Canadian sport trophy

The Hardy Trophy is a Canadian sport trophy, presented annually to the winner of the Canada West Universities Athletic Association Football Conference of U Sports, the country's governing body for university athletics. It is named for Evan Hardy, the former head of the agricultural engineering department at the University of Saskatchewan, who had played for the Huskies for its first five years before a rule that only students could play. Hardy continued on as coach and created a western university league. The original trophy was replaced in 1997 after it fell apart during an on-field celebration of the Huskies win in 1996 at home at Griffiths Stadium.
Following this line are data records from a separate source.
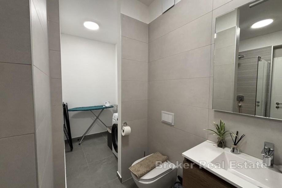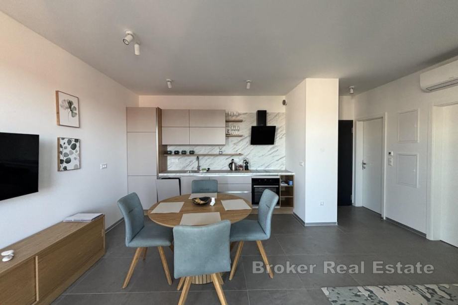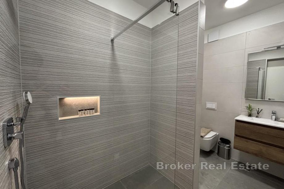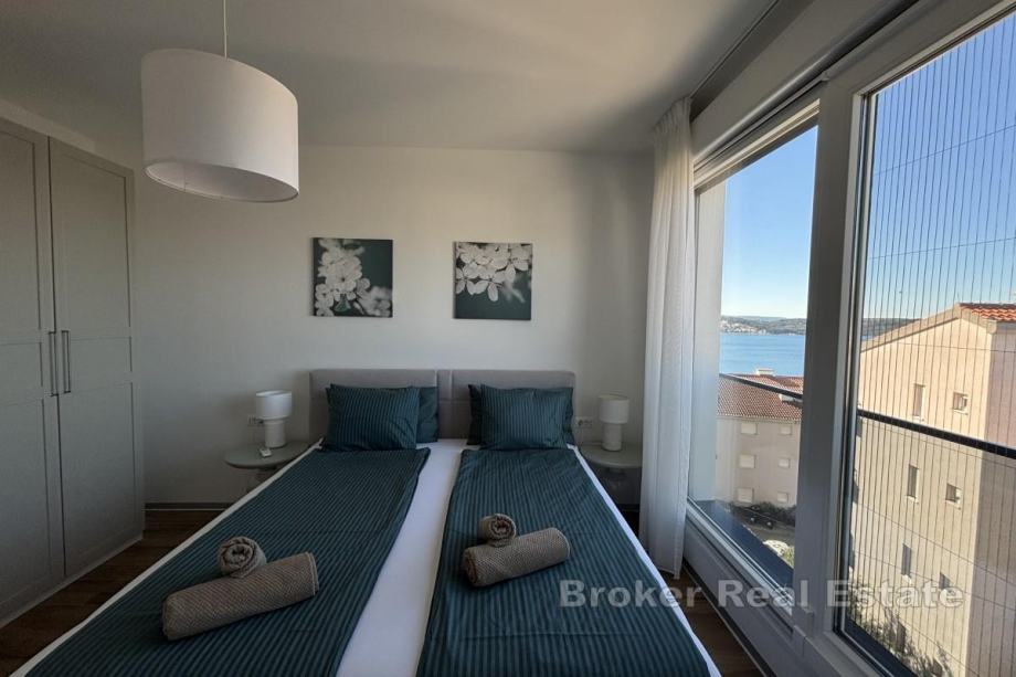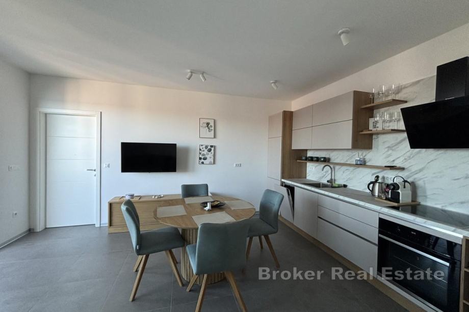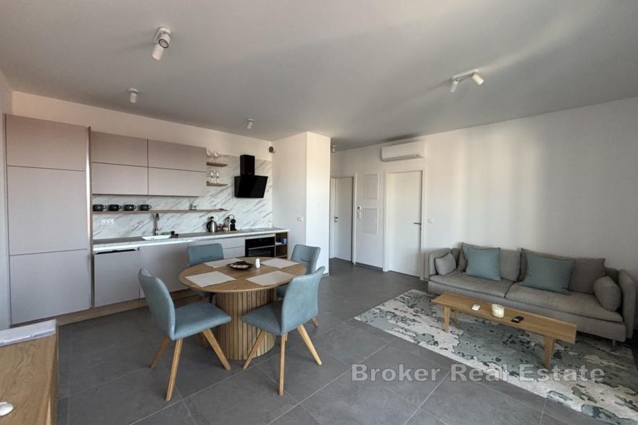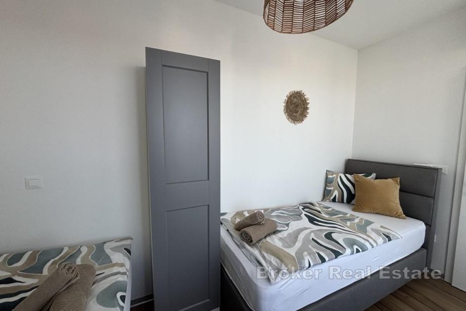 Ima 48,44 m² i sastoji se od hodnika, dvije spavaće sobe, od kojih jedna ima izlaz na balkon od 16,04 m², kupaonice te kuhinje, blagovaonice i dnevnog boravka iz kojeg se izlazi na balkon s otvorenim pogledom na more. Najveća prednost stana je krovna terasa od nekih 106 m², a koja se dijeli sa susjednim penthouse stanom na koju se mogu postaviti različiti sadržaji ovisno o željama kupca. Stan se prodaje u potpunosti namješten i opremljen protuprovalnim vratima, komaricama te električnim podizačima roleta. Grijanje i hlađenje se odvija putem klima uređaja u svakoj prostoriji te podnog grijanja u kupaonici, a u podrumu zgrade se nalazi pripadajuće garažno parkirno mjesto.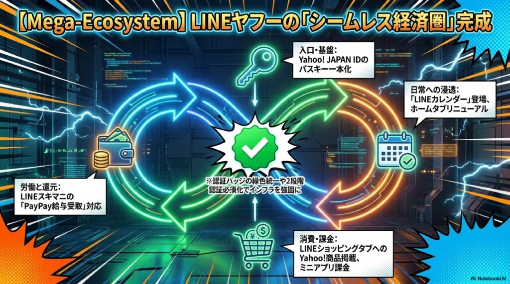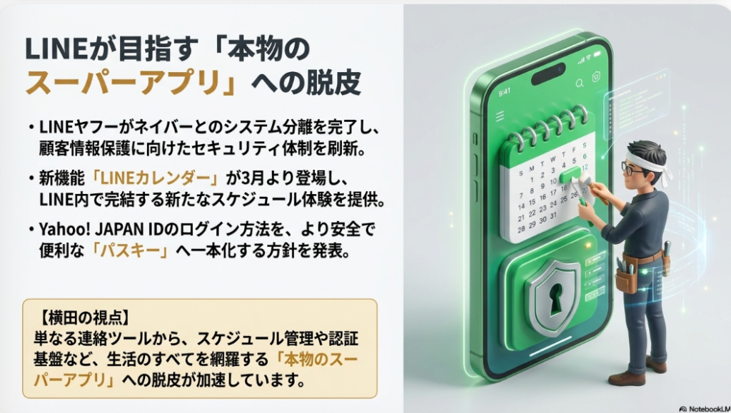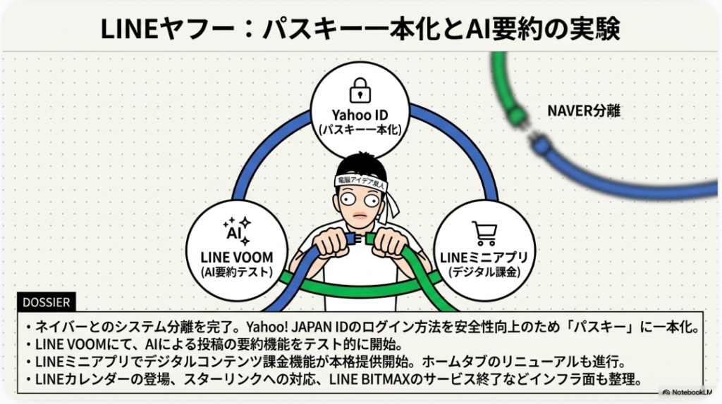 20大SNSの中でも国内インフラとして不動の地位を築くLINE・LINE公式アカウントは、2026年3月から4月にかけて複数の大型変革を迎えました。まず最も注目すべきはLINEヤフーとネイバーのシステム分離完了です。過去に問題視されてきた個人情報の海外保管や流出リスクに対し、数年かけて進められてきた分離作業がついに完結し、Yahoo! JAPAN IDはパスワードと2段階認証を廃止してパスキーへの一本化を発表しました。これは単なる認証方式の変更ではなく、日本のデジタル認証文化が大きく転換する象徴的な動きです。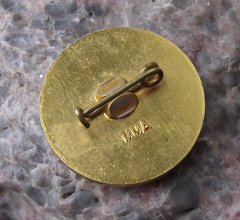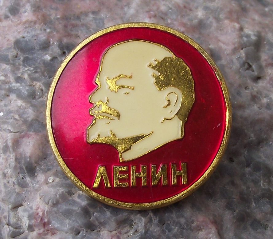 - A Lenin pin badge, 2.2cm in diameter, made of a gold coloured metal and featuring Lenin's head on a red circle.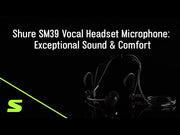 The Shure SM39 Fitness Headset Microphone features a cardioid polar pattern, adjustable boom, and hydrophobic coating, ensuring a secure fit, sweat resistance, and sound isolation indoors and outdoors.
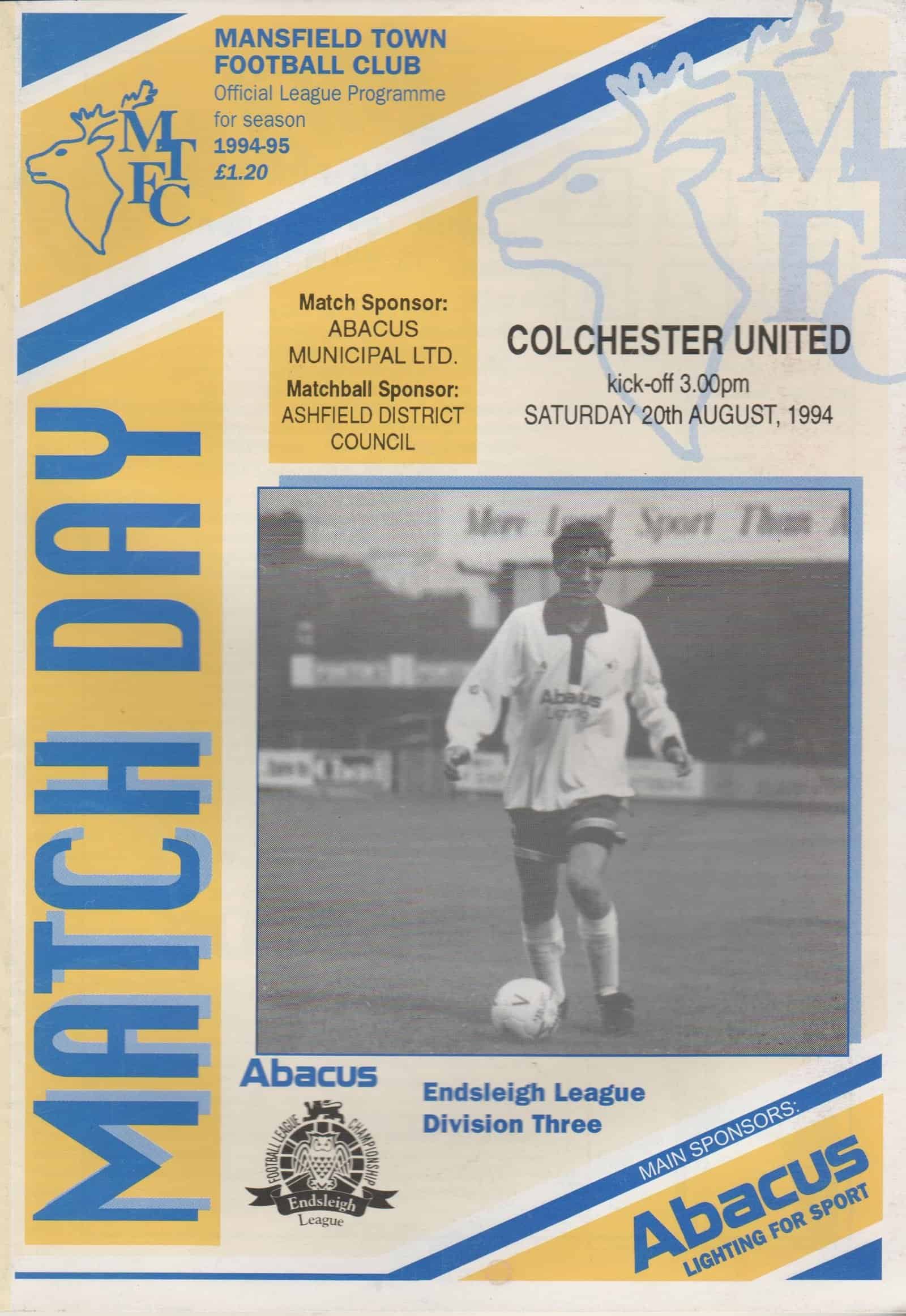 Match: Mansfield Town v Colchester United Competition: League Division 3 Date: 20-Aug-1994 Comments: Rating: 4 Condition: Very good Weight in grams: 80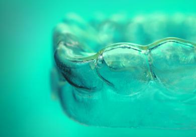 Foto: Mit Alignern aus Formgedächtnispolymeren kann die Anzahl kieferorthopädischer Zahnschienen im Verlauf einer Therapie reduziert werden. © Fraunhofer IAP
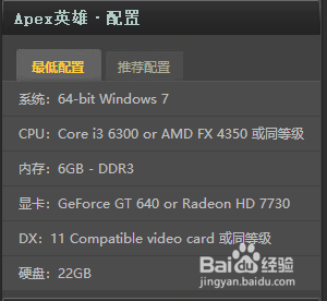 - 1首先我们领会一下apex英雄的最低官方要求设置装备摆设,若是连这个设置装备摆设都达不到的话就不建议用此电脑进行游玩了。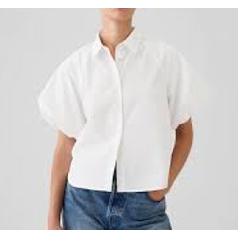 button down, short puff sleeves, collar, top, shirt, cotton, white, cropped boxy fit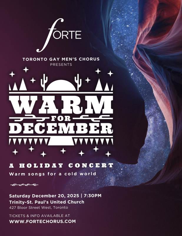Forte – Toronto’s gay men’s chorus – turns up the heat with Warm for December, a choral concert that wraps you in queer joy, holiday feels, and maybe a touch of desert sun.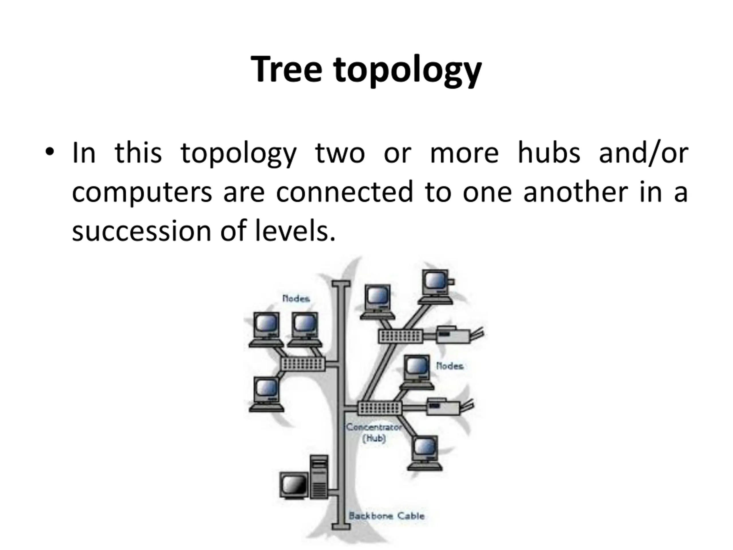 Tree topology In this topology two or more hubs and/or computers are connected to one another in a succession of levels.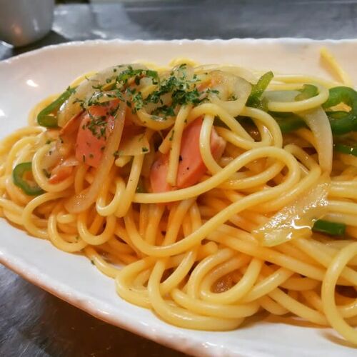 あきる野市五日市 レストラン洋食キッチン シオンの陽一です。 雨でダメかと思いましたが、JAあきがわ五日市支店の盆踊りは開催中です。 人出も多く賑やかです。 シオンも出店中です。 写真は「ガーリックスパゲティ」です。 にんにく風味のスパゲティです…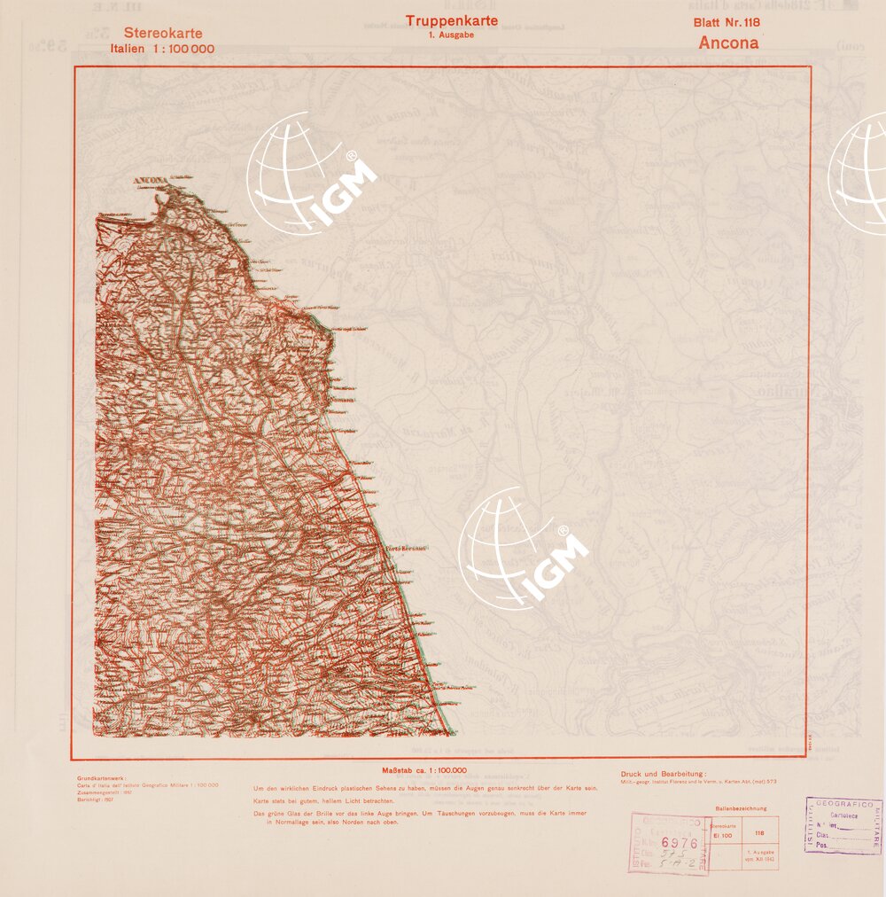 TRUPPENKARTE – STEREOKARTE – (CARTA STEREOSCOPICA PER USO MILITARE) – Foglio 118 – Ancona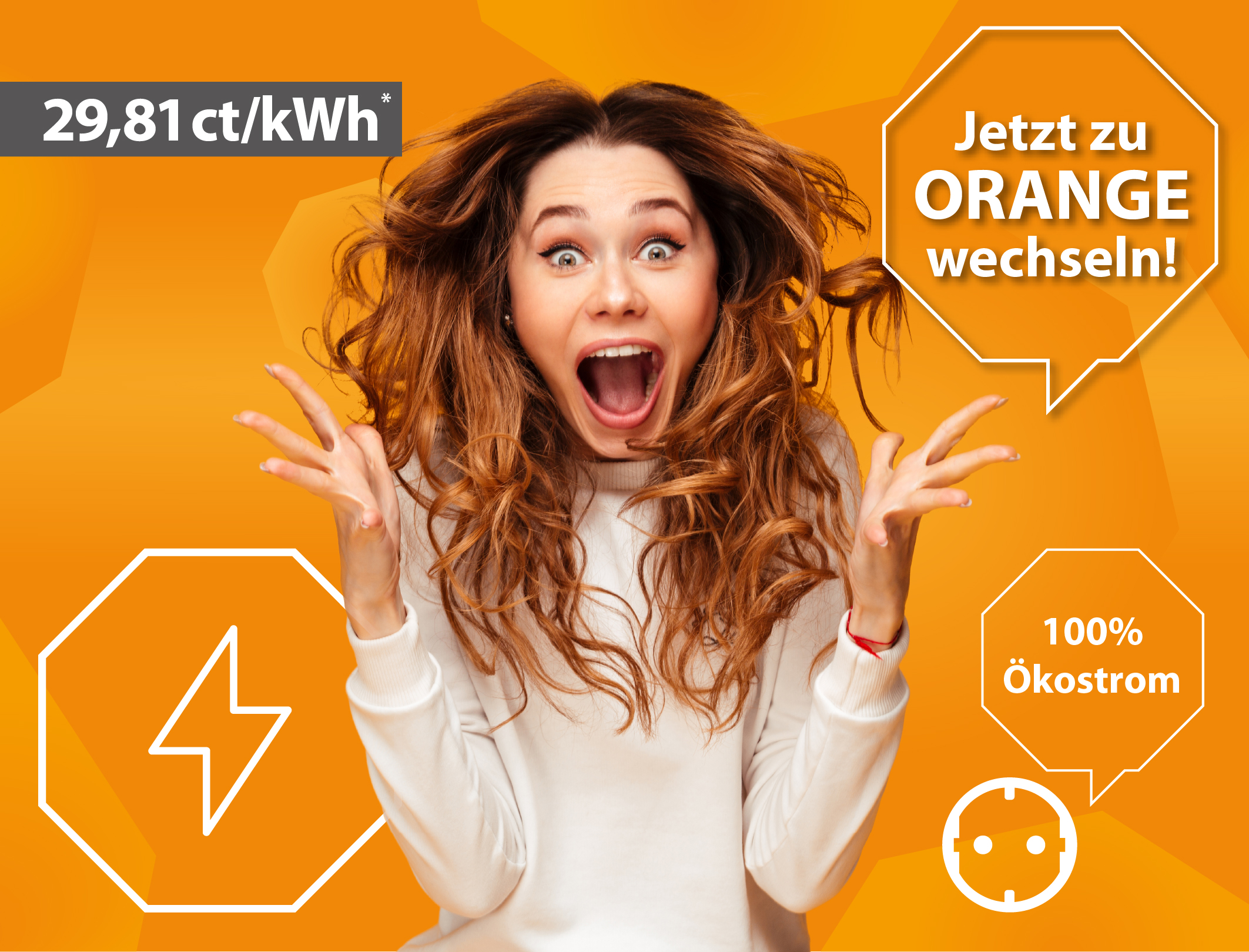 Bernsteinstrom-Werbe-Bild mit der Aufschrift: Jetzt zu Orange wechseln! 29,81 ct pro Kilowattstunde.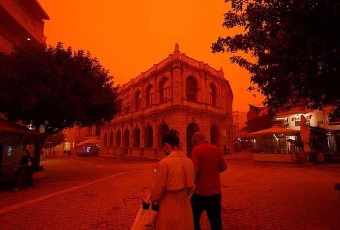 Это особенно заметно на острове Крит в Греции, где небо стало ярко красным.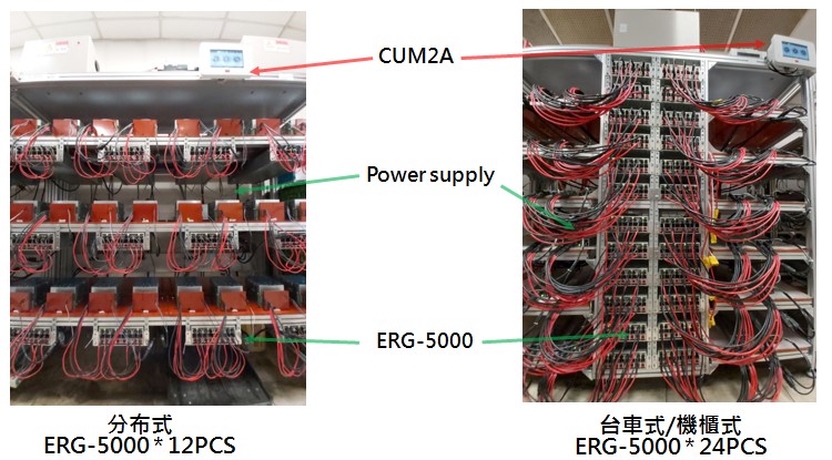 圖二是針對明緯不同的電源產品設計的燒機架,左邊分布式燒機架適用小于5000W的電源產品;右邊臺車式燒機架適用大于5000W的電源產品。
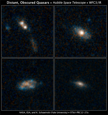 As galáxias nestas quatro imagens do Telescópio Espacial Hubble estão rodeadas por tanta poeira que a luz brilhante dos seus quasares está obscurecida. As imagens no canto superior direito, inferior esquerdo e inferior direito revelam três das galáxias do estudo com aparência normal que hospedam quasares. Apenas uma galáxia na amostra, no canto superior esquerdo, mostra evidências de uma interacção com outra galáxia. As duas bolhas brancas são os núcleos de ambas as galáxias. Observa-se uma franja de material, de cor castanha e azul, abaixo das galáxias que se fundem. As galáxias existiram cerca de 8.000 a 12.000 milhões de anos atrás, durante uma época de pico no crescimento de buracos negros. Têm massas comparáveis à da nossa Via Láctea. As manchas azuis são regiões de formação estelar. As áreas castanhas representam poeira ou estrelas velhas. Crédito: NASA, ESA, e K. Schawinski (Yale University)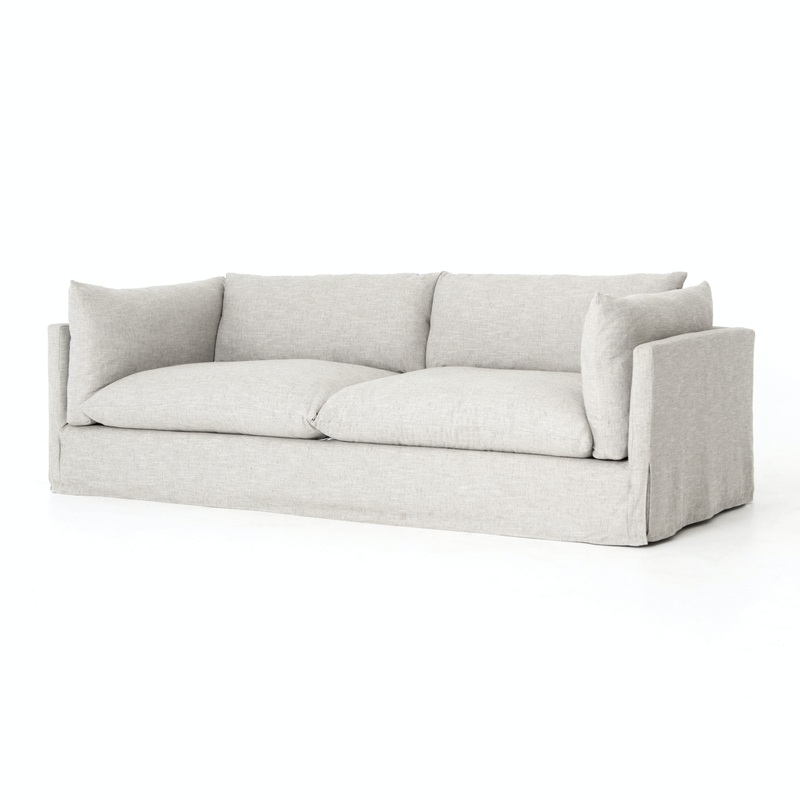 Loungey, slipcovered sofa is made for modern living. Shelter arms and pillow-inspired cushions are covered in extraordinarily comfortable, durable, and stain-resistant Crypton fabric.Colors:Valley Nimbus, Dark WalnutMaterials:53% Poly/35% Ray/12% Flax, Ban

The original Hardy trophy was unearthed beneath a pile of storage boxes in 2008 at the University of Saskatchewan. Since 2018, the trophy has been with Canada West conference staff, and has occasionally been displayed at conference football events.

The winner of the Hardy Trophy goes on to play in either the Uteck Bowl or the Mitchell Bowl, depending on annual rotations.

The game in which the Hardy Trophy is awarded to the winner is often referred to as the Hardy Cup.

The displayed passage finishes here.